We Are All Completely Beside Ourselves 
Karen Joy Fowler, 2014
Serpent's Tail Books
9781846689956

I love Karen Joy Fowler.  She's the perfect mix of sassy and verbose.  She's Marian Keyes meets Zadie Smith and I find all of her books entertaining and educational.  So it really wasn't a surprise to me that my gut reaction, on seeing a copy of her new book, was to snap it up and then race through what I was already reading so I could bump it WAY up my to read pile.



On first examination, We Are All Completely Beside Ourselves seems to be the typical American family novel set in the late nineties.  Think The Virgin Suicides- there is something dark in the family's past, but the narrator isn't going to tell you what yet.  Rosemary Cooke is 22 and studying her way through almost the entire course catalogue of Davis University, California.  She doesn't have many friends, so it is as strange to her as to everyone else when she gets arrested for throwing her lot in with a violent drama queen named Harlow.

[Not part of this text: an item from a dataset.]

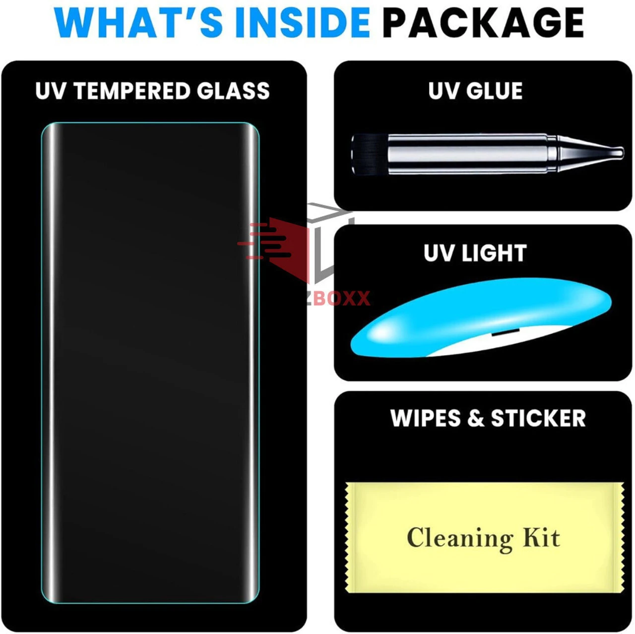 - 1 Tempered Glass , 1 Cleaning Kit

So, Rosemary begins to tell her story, not from the beginning but from the middle.  Once, there was a little girl named Rosemary who had a sister named Fern who was the same age as her, and a brother named Lowell who was about six years older.  But then something terrible happened, and after that, Fern didn't live with them any more.  Lowell blamed Rosemary for the terrible awful, Rosemary and her big mouth, and then a few years later, Lowell ran away.  So Rosemary decided that from then on, she would keep her mouth shut.  But it's hard to make friends, and hard to find yourself if you don't talk, or even think about the things that happened to you.  Hence, book.

If you don't want spoilers, stop reading now and go read.




Except there's a twist.  A major one.  Fern was not adopted out, killed, abducted or taken away in a bizarre divorce custody arrangement.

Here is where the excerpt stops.